Age-dependent predictive ability of baseline serum albumin for mortality at 18 months in haemodialysis patients using time-dependent ROC. The area under the curve (AUC) of the time-dependent ROC curve was consistently higher in patients younger than 65 years throughout all follow-up periods (data not shown). As an example, the ROC curve at 18 months demonstrated that the AUC for predicting 18-month mortality risk using baseline serum albumin levels was significantly higher in patients younger than 65 years (95% confidence intervals do not overlap). Serum albumin levels with the maximum sensitivity and specificity were 3.7 g/dl for patients younger than 65 years and 3.5 g/dl for those aged 65 years and older. TPR: true positive rate, FPR: false positive rate.
DISCUSSION
In haemodialysis patients, hypoalbuminaemia is an indicator of nutritional status/inflammation and a strong predictor of mortality. The present study suggests that the ageing is accompanied by lower albumin levels, and that age may influence the association between serum albumin and mortality. Conceptually, our study proposes to use in clinical practice different cut-offs for laboratory biomarkers by age (when indicated). In our study, the association between albumin and mortality was stronger in younger patients, and the thresholds to discriminate risk were slightly higher than those older than 65 years.

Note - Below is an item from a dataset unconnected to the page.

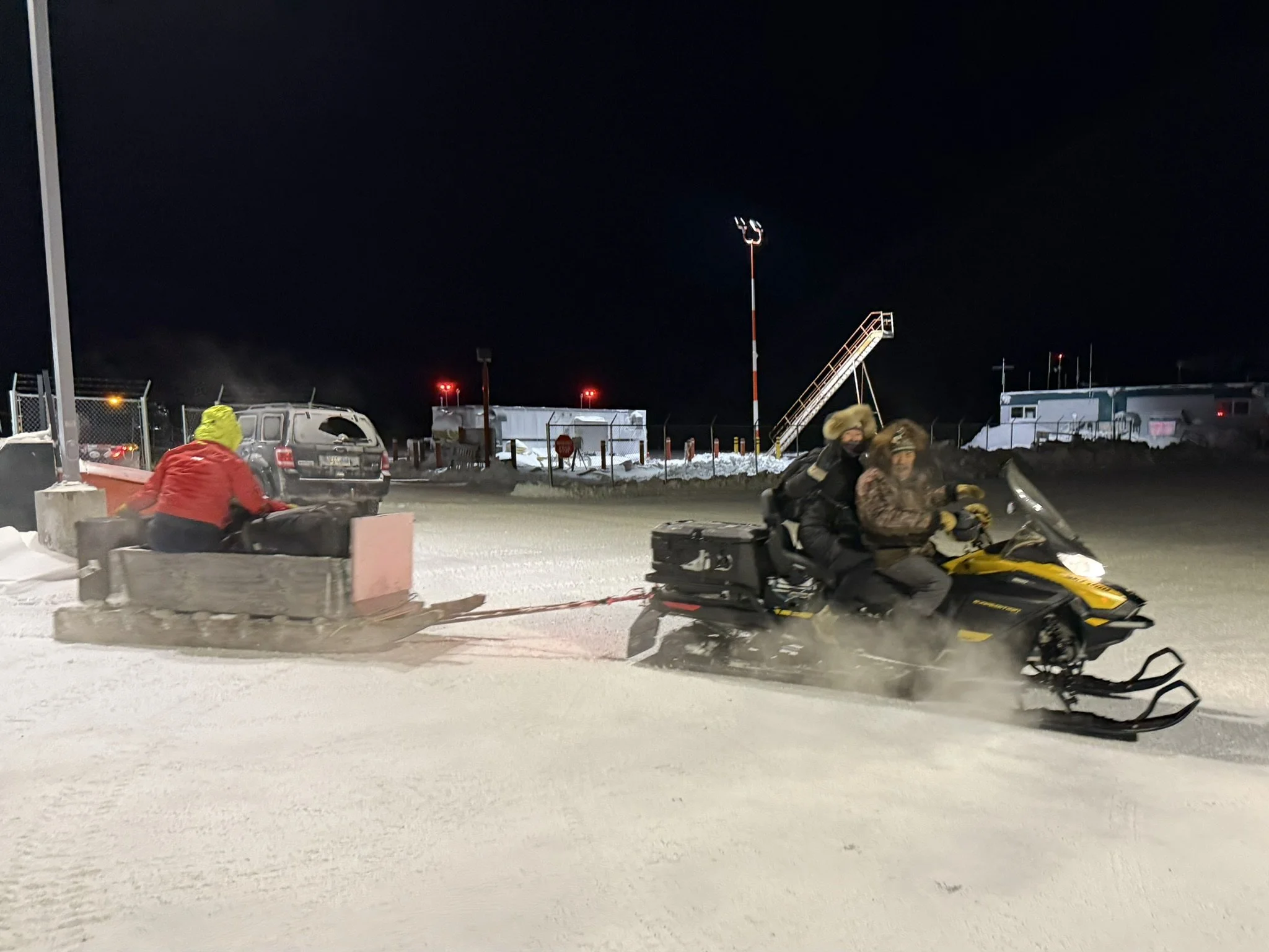 Four of us—Barney, Dustin, Lynn and I—arrived in Kugluktuk on the flight from Yellowknife last Monday and were welcomed by Joe and Susie Evyagotailak at their home. Joe met us at the airport and was our Skidüber driver to get our instruments and other stuff to their place—Frosty but fun!

Serum albumin levels are important indicators of nutritional status, particularly in clinically stable people [18]. In these cases, low albumin levels reflect overall malnutrition [19], making it a reliable tool for identifying individuals at risk of adverse health outcomes. Several studies have demonstrated that maintaining adequate serum albumin levels has been associated with improved clinical outcomes in patients on maintenance haemodialysis [20]. Levels below 4 g/dl are considered clinically low by KDOQI [5], although other guidelines such as those of the International Society of Renal Nutrition and Metabolism consider 3.8 g/dl [21].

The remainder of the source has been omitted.